Editorial
Health Services Research and the Health Insurance Experiment?
With so much attention being paid today to the cost of health care coverage in the United States, I think of the Rand Health Insurance Experiment (RAND HIE) and how the results of this major health policy study might influence the current debate over alteration of the 2010 Affordable Care Act (“Obamacare”). Although 2016 marked the 40th anniversary of the RAND HIE, which was performed from 1971 to 1986, much of the results of the investigation remain applicable, despite substantial changes in prescription drug costs, managed care plans, and attention to evidence-based practice. The RAND HIE aimed to answer 2 key questions: 1. How much more medical care would people use if the care was provided free of charge? 2. What would be the consequences for their health?
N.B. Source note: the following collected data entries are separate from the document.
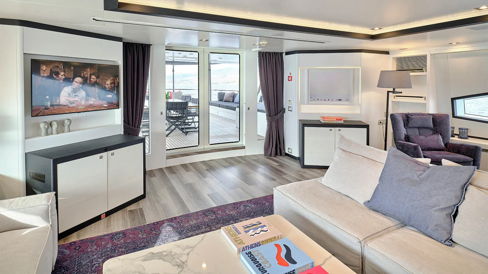Whatever your activities on your charter, you'll find some impressive features are seamlessly integrated to help you including Wi-Fi connectivity, allowing you to stay connected at all times, should you wish. You can stay comfortable on board whatever the weather, with air conditioning during your charter.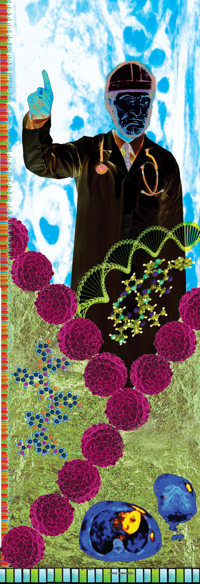 Panel 2 – Bottom part indicates my Mother’s medical condition: Red cancer cells form diagonal frames, Breast cancer MRI, chemical modules of chemotherapy. In upper part, there is a main character figure indicating he is a doctor or medical professional.
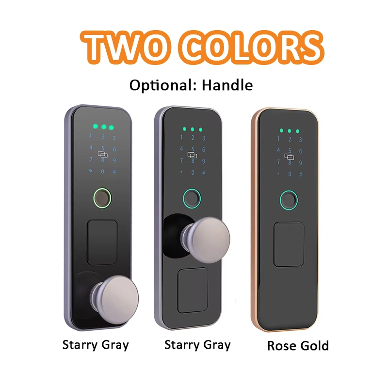 Unlocking methods: Fingerprint, Card, Key, Password, TT Lock App, Phone NFC unlocking.

In brief, the study showed that modest cost sharing reduced the use of services, with negligible effects on health for the average person (1). As a society, our task now is much the same as it was 41 years ago, namely, to find the best balance for cost sharing among individuals, corporations, and governments, remembering that health insurance improves peoples’ lives in general but costs a great amount of money.
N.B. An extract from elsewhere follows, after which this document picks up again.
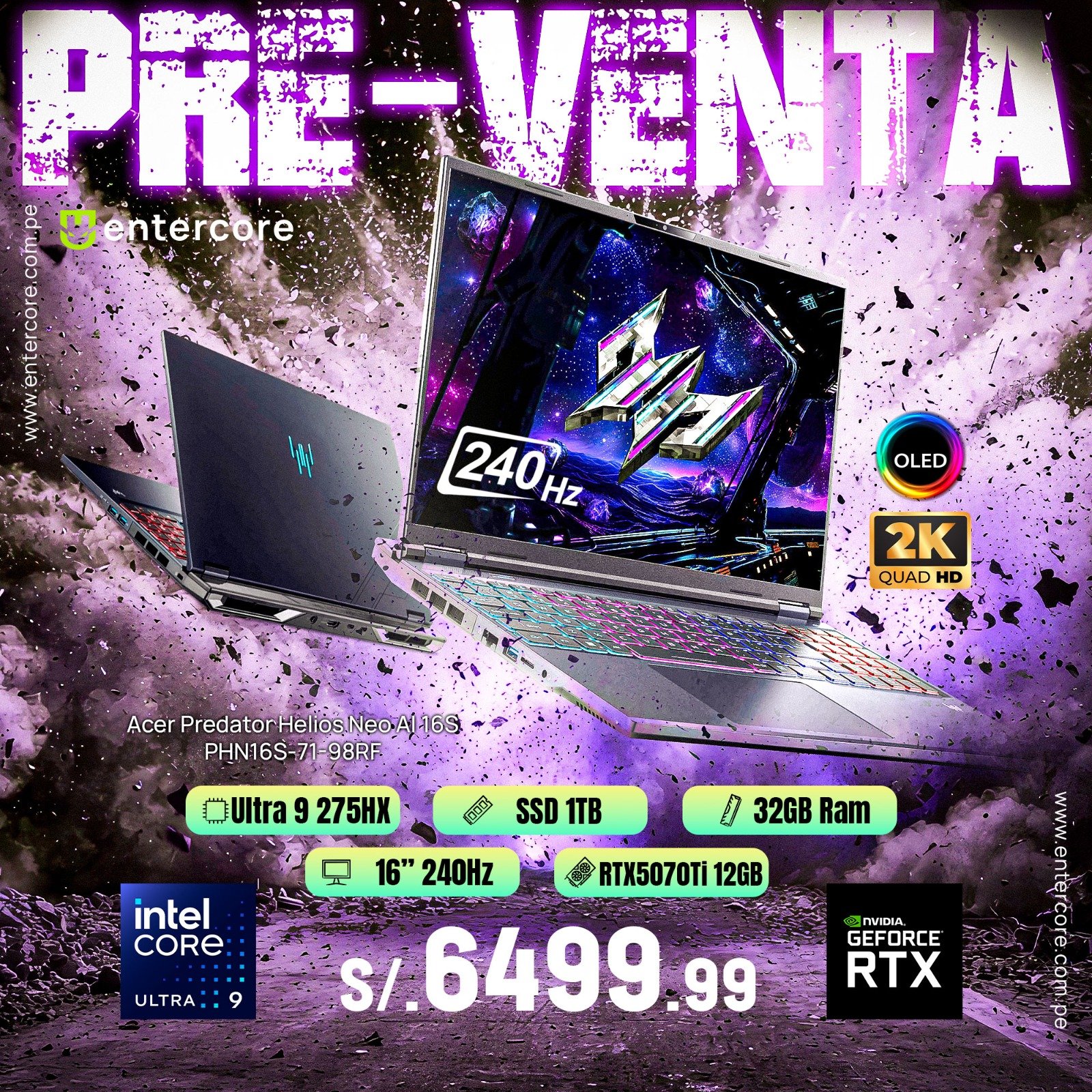 LAPTOP ACER PREDATOR HELIOS NEO 16S AI PHN16S-71-98RF INTEL CORE ULTRA 975HX 32GB RAM DDR5 1TB SSD M.2 4.0 16″ OLED WQXGA (2560 × 1600) 240HZ NVIDIA GeForce RTX 5070 Ti 12 GB GDDR7 BLACK Backlit Keyboard WIN11 (PREVENTA)

Subsequent analyses of claims data from the HIE, for insurance plans with coinsurance and capped out-of-pocket spending, and statistically adjusting for the increased sickliness of those patients who exceeded the cap, showed that cost sharing reduced the number of health-related episodes but had little effect on the actual cost per episode (2). Further analyses of the HIE data also showed that the distributions of annual health care expenditures were highly unequal in the population representative of those covered by employer health plans (3); thus, any universal or sweeping plan would have to address this wide range of needs. Still further, the HIE showed that care via health maintenance organizations, compared with fee-forservice plans, was associated with lower costs because of reduced hospitalizations. However, it was also associated with lower client satisfaction and poorer health status among the subgroup with a limited income and poorer initial health status (4). Thus, we can all appreciate that funding health care is a complicated issue, and one that affects each of us. A balance among the different types of health insurance coverage might be useful. Interestingly, for the past 10 to 15 years, high-deductible, consumer-directed health plans that closely resembled the high-deductible plan of the RAND HIE have been used. Also, when these were combined with managed care plans, the 2 approaches complemented one another in that the former is directed primarily at the initiation of care for an episode of illness and the latter at the costliness of episodes, especially ongoing chronic disease episodes (5). With health care reform on everyone’s mind, I hope that our national leaders can focus on the science that our health services researchers produce, and use the information wisely to the benefit of us all. D. Scot Malay, DPM, MSCE, FACFAS Editor The Journal of Foot & Ankle SurgeryÒ
References 1. Rand Corporation. The Health Insurance Experiment: A Classic RAND Study Speaks to the Current Health Care Reform Debate. Available at: https://www.rand.org/ pubs/research_briefs/RB9174.html. Accessed May 4, 2017. 2. Keeler EB, Rolph JE. How cost sharing reduced medical spending of participants in the health insurance experiment. JAMA 249:2220–2227, 1983. 3. Russell LB, Chaudhuri A. The inequality of medical expenditures for several years in a healthy, nonelderly population. Med Care 30:908–916, 1992. 4. Wagner EH, Bledsoe T. The Rand Health Insurance Experiment and HMOs. Med Care 28:191–200, 1990. 5. Newhouse JP. Consumer-directed health plans and the RAND Health Insurance Experiment. Health Aff (Millwood) 23:107–113, 2004.